I thought it was universal but studies show that only 2/3 of the population can experience it… and I had no idea some people can’t feel it. According to Sciencealert, studies have showed that about 55 percent to 86 percent of the population is able to experience the effect, but Mitchell Colver, Ph.D. Student at Utah State University, decided to find out even more.

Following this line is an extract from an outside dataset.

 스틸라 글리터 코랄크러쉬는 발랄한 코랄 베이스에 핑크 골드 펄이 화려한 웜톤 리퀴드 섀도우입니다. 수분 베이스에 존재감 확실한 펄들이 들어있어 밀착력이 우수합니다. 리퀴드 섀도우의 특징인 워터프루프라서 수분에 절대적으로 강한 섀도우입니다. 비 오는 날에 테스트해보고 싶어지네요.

This frisson can be experienced with all sorts of art forms but this is especially true for music, music is very emotional, at least some music can trigger such a response from the epidermis. We share this faculty to have goose bumps with all mammals as a response to cold but also to fear and stress. Have you ever seen a cat in the cold or facing a dog? Erected hair is supposed to keep the animal warmer or to make it bigger to scare the enemy, but in our case it is a vestigial reflex because raising our body’s hair is not gonna make any difference either in term of isolation against cold or in term of scaring off predators. But so far it isn’t very well understood how a pleasure experienced in the brain can be communicated to the skin and hair follicles.

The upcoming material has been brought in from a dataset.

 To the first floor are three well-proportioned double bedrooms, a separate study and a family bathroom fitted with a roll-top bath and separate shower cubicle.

To find out more about this subject, a team of researcher wired up participants to ‘an instrument that measures galvanic skin response, a measure of how the electrical resistance of people’s skin changes when they become physiologically aroused’. Then, participants listened to several pieces of music such as the first two minutes and 11 seconds of J. S. Bach’s St. John’s Passion: Part 1 – Herr, unser Herrscher, the first two minutes and 18 seconds of Chopin’s Piano Concerto No. 1: II, the first 53 seconds of Air Supply’s Making Love Out of Nothing At All, the first three minutes and 21 seconds of Vangelis’ Mythodea: Movement 6, the first two minutes of Hans Zimmer’s Oogway Ascends. These particular pieces were chosen because they all contained ‘at least one thrilling moment that is known to cause frisson in listeners’. Participants were asked to report their experience by pressing a small button, which created a temporal log,… At the same time participants had completed a personality test.
What are the conclusions of this study? Participants who experienced frisson also scored high for a personality trait called Openness to Experience. A trait characteristic of people who ‘have unusually active imaginations, appreciate beauty and nature, seek out new experiences, often reflect deeply on their feelings, and love variety in life’. People scoring high for this trait are emotional (loving variety, appreciating beauty), but also a big part of their personality is cognitive (imagination, intellectual curiosity).

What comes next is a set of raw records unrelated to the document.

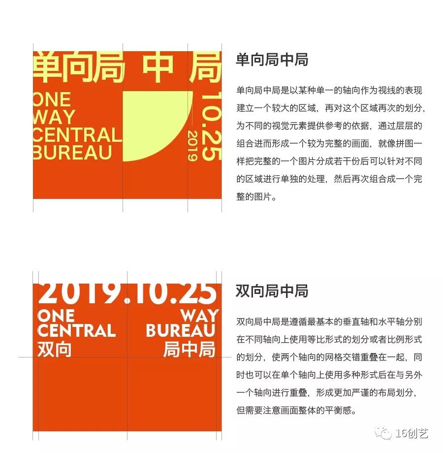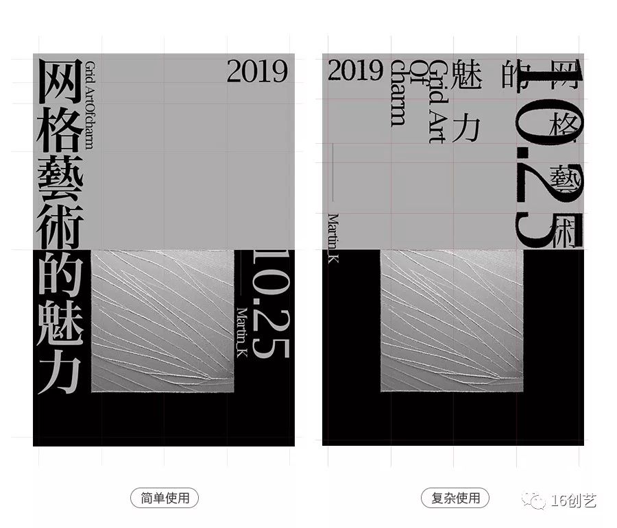 在相同的网格分割下以不同的编排布局可以看出,想要灵活的使用网格系统编排好版面的视觉元素,并不是取决于网格的划分类型,而是在于网格的逻辑和规律使用,水平轴是在除了以中心轴与人眼观看事物的水平线以外的轴线,是需要通过视觉元素的起始点和结束点以及网格的辅助权衡版面视觉平衡的重要依据。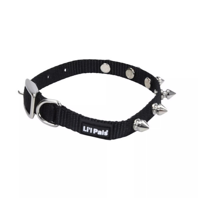 Get on the cutting edge of dog fashion with the Li'l Pals Spiked Nylon Dog Collar! This collar is sized specifically for small dogs and puppies to provide a secure, comfortable fit. It features silver mini-spikes for a tough, edgy look. The spikes are roun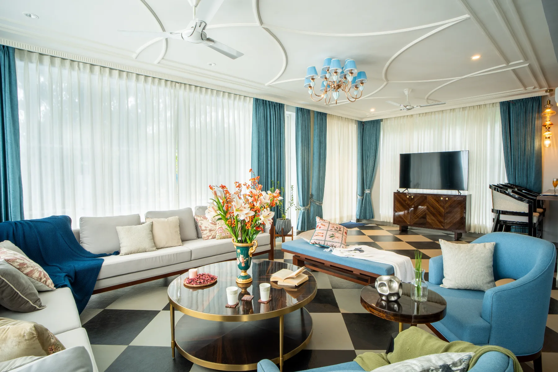 Inside, The Ivy Grand Hall forms the heart of the home — a grand living area filled with natural light from expansive windows. The space features sophisticated chequered flooring, intricate ceiling details, and elegant furnishings that create a modern yet inviting atmosphere. A chic bar counter, powder room, and convenient lift access enhance the functionality of the space, while subtle pops of colour against a neutral palette bring warmth and personality to the interiors.

In other words, people who had goose bumps while listening to music, had a deep emotional reaction, but more importantly than the emotional part, it was people who were able to make mental predictions about how the music is going to unfold or engage in musical imagery (a way of processing music that combines listening with daydreaming), who were able to get the biggest frisson.
These findings were recently published in the journal Psychology of Music, and if you have anything to get from this study is that you must immerse yourself deeply into music, at an intellectual level, to get all the chances to experience this intense frisson.